If unsure, please use the simulate option!
Basic configuration is done in the first section of the script.

  :copyright:  (c) 2012 by Karl Voit <[email protected]>
  :license:    GPL v2 or any later version
  :bugreports: <[email protected]>


Options:
  -h, --help            show this help message and exit
  -f PATH, --folder=PATH
                        (optional) override default folder for SENSOR.CSV
                        which is "/media/A295-005B/DATA"
  -v, --verbose         enable verbose mode
  -q, --quiet           do not output anything but just errors on console
  -s, --simulate        do not change any file on disk, just report what would
                        happen
  --version             display version and exit

Bonus-Tools

vksensecam-ls.sh

The short shell script lists the files which are “interesting” to the user:

  • images that were taken because of pressing the “take a photo”-button
  • images that were renamed from their original file name

This gives a quick overview over a set of SenseCam images if the user has already screened the images and renamed important image files.
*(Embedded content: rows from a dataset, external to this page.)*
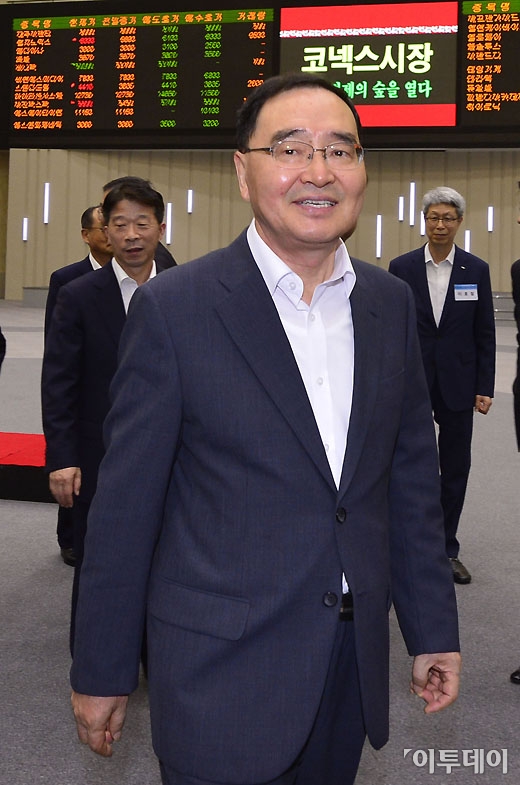 정홍원 국무총리가 17일 초기 성장형 중소기업 전용 주식시장인 '코넥스' 활성화를 위해 여의도 한국거래소를 방문하고 있다. 양지웅 기자 yangdoo@
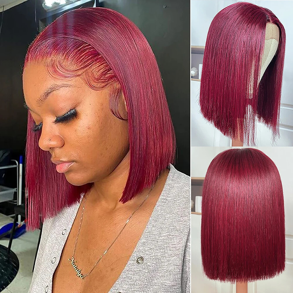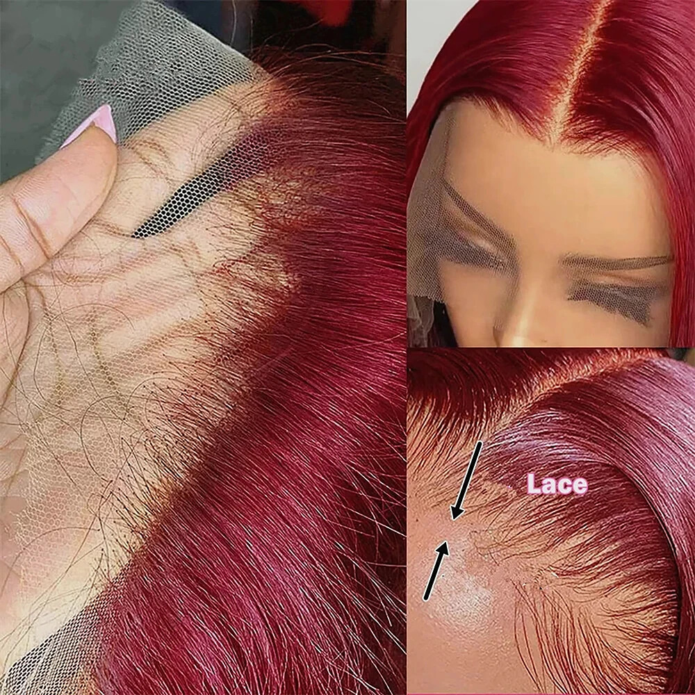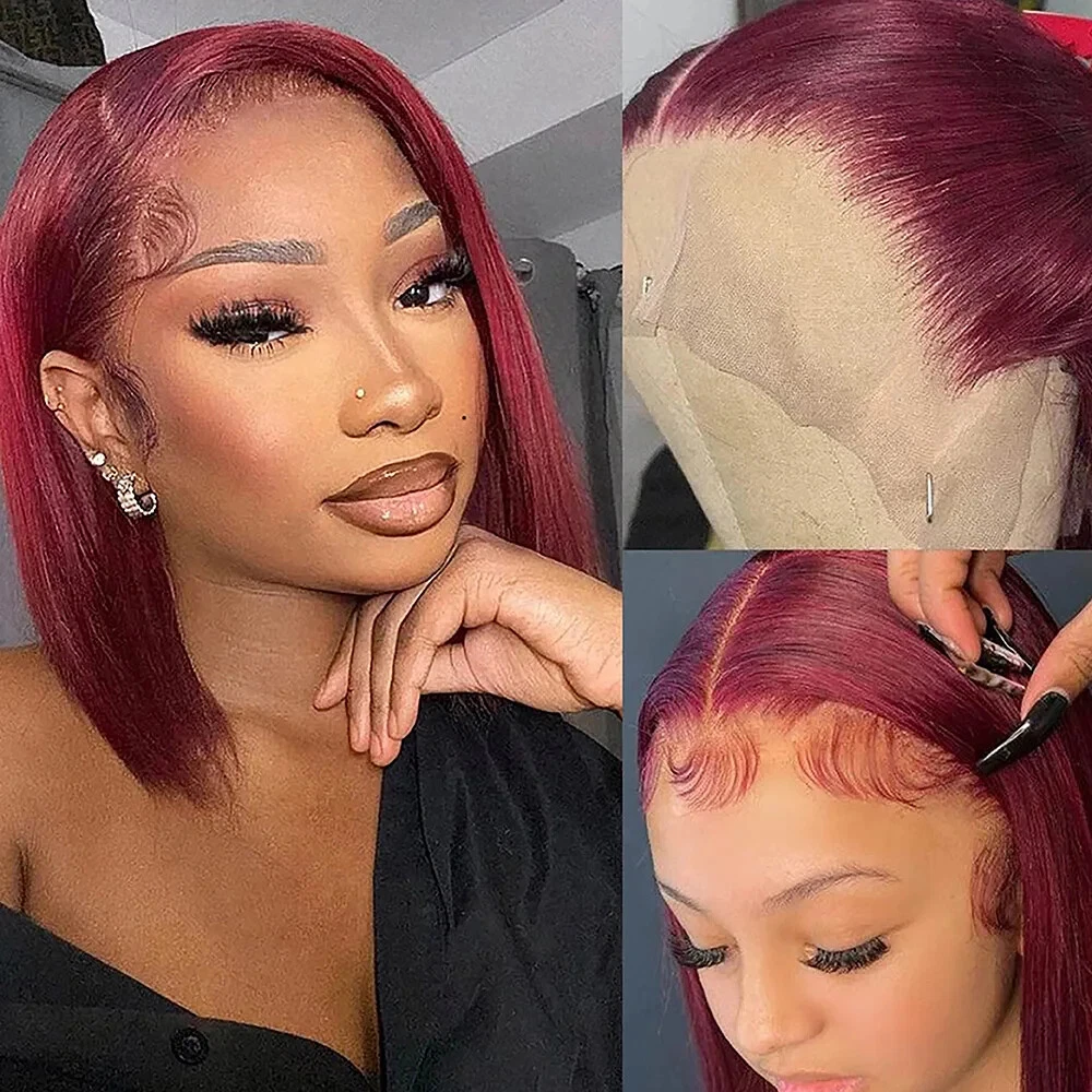 Specifications: Material: 100% Human Hair Weight: 135g-170g length: 8 inch-16inch Texture: Straight Hair Tape: Brazilian hair,Burmese hair,Indian hair,Peruvian hair Hair Style: Bob Lace Wig Hair Color: 99J Lace Color:Transparent lace Features:No Chemical,No Shedding,No Tangle,No Smell. Shiny,Smooth,Silky Hair Double Weft , Cap: Average cap size 22.5inch,4 combs in the cap to fix easily. Lace Part: 13x5x1 Lace, Pack Content: 1 * wig+1*wig cap
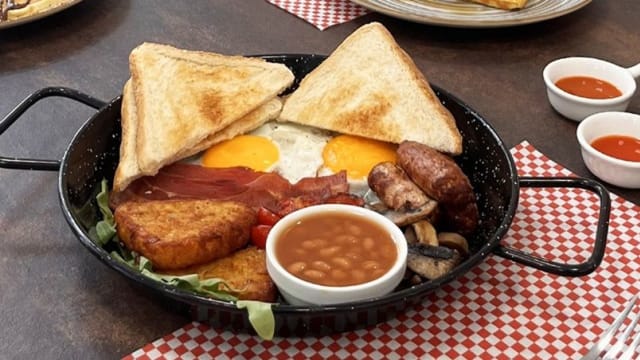 9.5/10Nice breakfast, burger place. Offers good British / American food options. Not very cosy, more like a fast food place
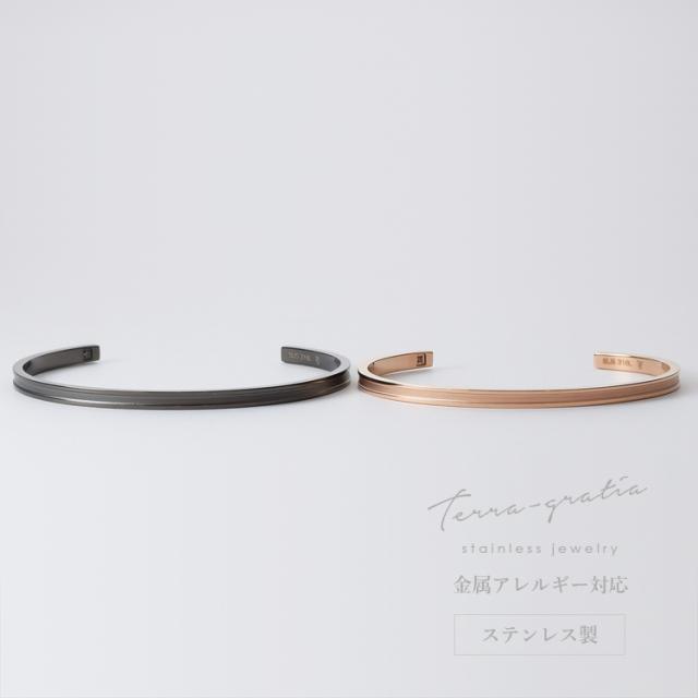 ペアバングル カップル 刻印 つけっぱなし 金属アレルギー対応 ステンレス シークレットダイヤモンド 大人 シンプル マットライン ガンメタルブラックカラー ローズゴールドカラー テラグラティア Terra-gratia PairBangle lstb013gun_rg_pair
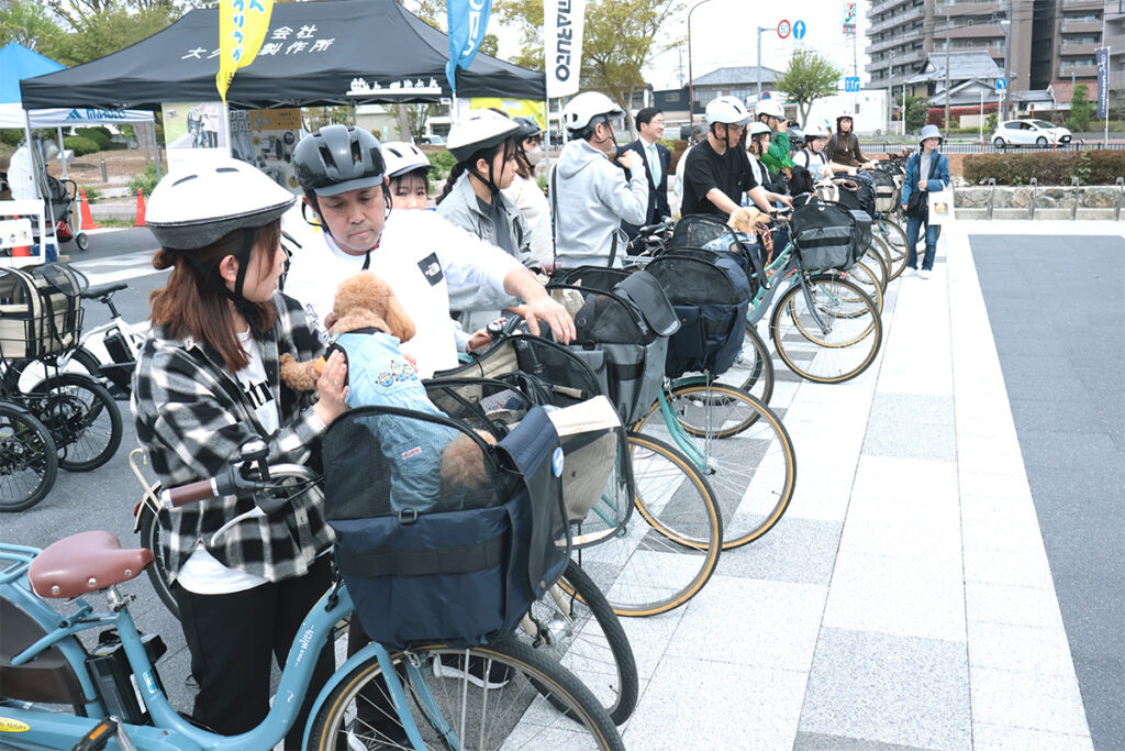 | 参加条件 | ・超小型犬から小型犬※6キロ未満のワンちゃん(前カゴ積載量制限に準ずる) ・ワンちゃん1匹に対し飼い主様一人以上 ・電動アシスト自転車や自転車に乗った経験がある方 ・ヘルメットの着用お願いします(無料貸し出しあり) ・イベントの写真撮影・動画撮影に協力してくださる方 ※今後ホームページ等で使用する可能性があります。 ・交通規則、マナーを必ず遵守してください。 |
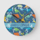 Farbenfrohe Dinosaurier-Silhouette, die Sie personalisieren und Ihren eigenen Namen hinzufügen können. Tyrannosaurus Rex, Titanosaurier, Triceratop, Raptoren, Ankylosauren, Dino-Birds, Stegosaurus, Apatosaurus, Pteranodon und mehr in einem farbenfrohen Muster in blauem Hintergrund, und Dinosaurier in grün, blau, gelb und orange.
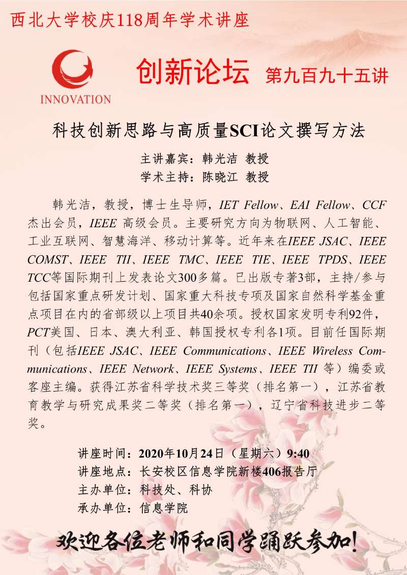 韩光洁 教授 bat365正版唯一官网创新论坛第九百九十五讲暨校庆118周年学术讲座:科技创新思路与高质量SCI论文撰写方法 讲座时间 2020年10月24日(星期六)9:40 讲座地点 长安校区信息学院新楼406报告厅 讲座人介绍 韩光洁 教授 讲座内容

vksensecam-openmanualfotos.sh

This sort shell script uses a command called “open” (exists on Mac OS X and can easily be done for GNU/Linux) to open all images that were invoked manually. If you close the image viewer, the next one opens.

This is very handy to quickly find and rename images which were shot on purpose - using the button.

Background Information

License

This documentation is licensed under a Creative Commons Attribution-NonCommercial-ShareAlike 3.0 Unported License.

The script file is licenced under GPL v3 or newer.